● How to complete this task
In your copy of the data, keep every word exact and include no pictures.

● Data provided
-.-.-

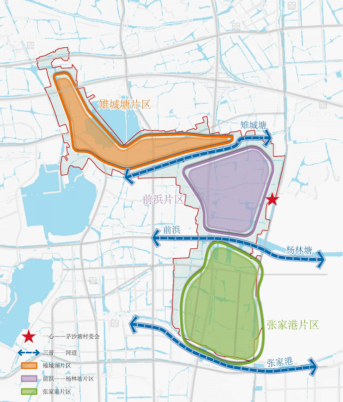 三片:雉城塘(現(xiàn)代高效農業(yè)發(fā)展區(qū))、前浜(綜合配套服務區(qū))、張家港三片主題功能區(qū)(城郊型特色文旅體驗區(qū))。
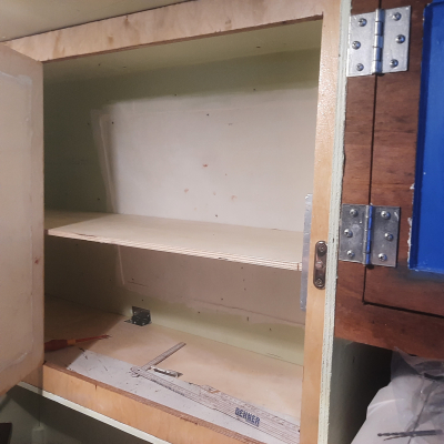 Umbau bzw. Ausbau des Hubbettes und Umrüstung mit herausnehmbaren Polstern der Sitzplätzen im Führerhaus zum Bett. Außerdem habe ich im Aufbau hinten links das Fenster, das nie benutzt wurde ausgebaut und so Platz für einen zusätzlichen Schrank geschaffen. |
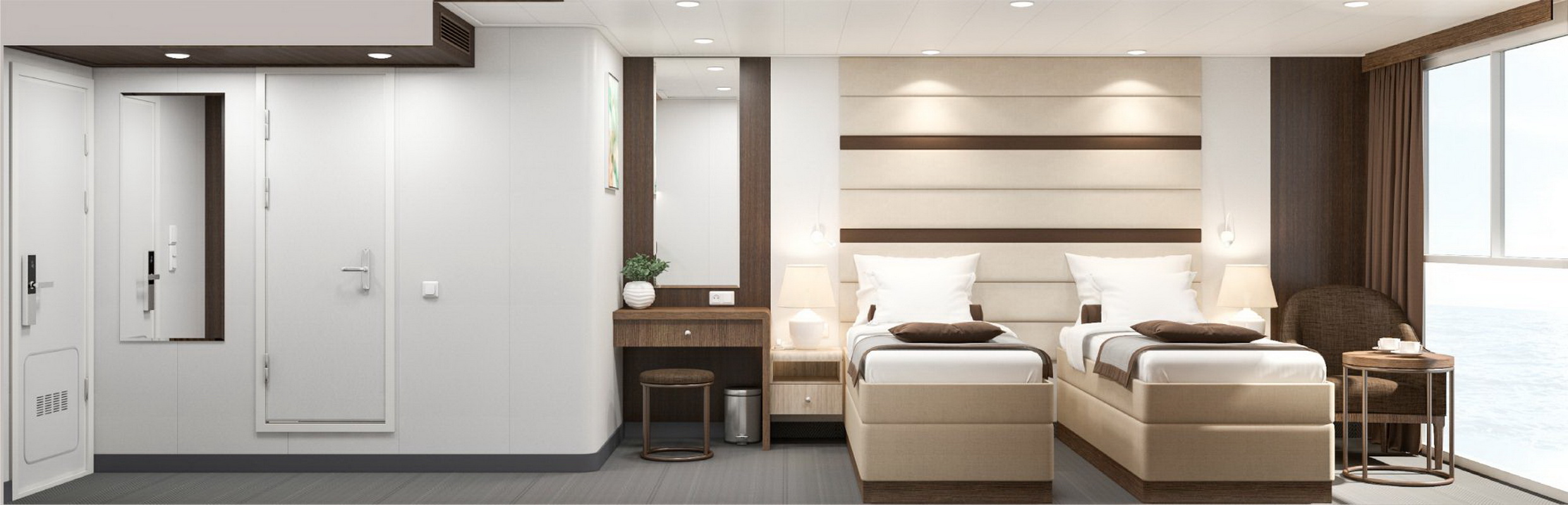 Двухместные каюты, расположенные на шлюпочной палубе. В каюте: две односпальные кровати (сдвигаются), панорамные окна, спутниковое ТВ, шкаф для одежды, холодильник, розетки 220V, телефон, радио, фен, сейф, кофемашина, электрочайник, душ, санузел. Площадь – 19 кв.м. Каюты №: 301, 302, 349, 350.

-.-.-

● Output
 三片:雉城塘(現(xiàn)代高效農業(yè)發(fā)展區(qū))、前浜(綜合配套服務區(qū))、張家港三片主題功能區(qū)(城郊型特色文旅體驗區(qū))。
 Umbau bzw. Ausbau des Hubbettes und Umrüstung mit herausnehmbaren Polstern der Sitzplätzen im Führerhaus zum Bett. Außerdem habe ich im Aufbau hinten links das Fenster, das nie benutzt wurde ausgebaut und so Platz für einen zusätzlichen Schrank geschaffen. |
 Двухместные каюты, расположенные на шлюпочной палубе. В каюте: две односпальные кровати (сдвигаются), панорамные окна, спутниковое ТВ, шкаф для одежды, холодильник, розетки 220V, телефон, радио, фен, сейф, кофемашина, электрочайник, душ, санузел. Площадь – 19 кв.м. Каюты №: 301, 302, 349, 350.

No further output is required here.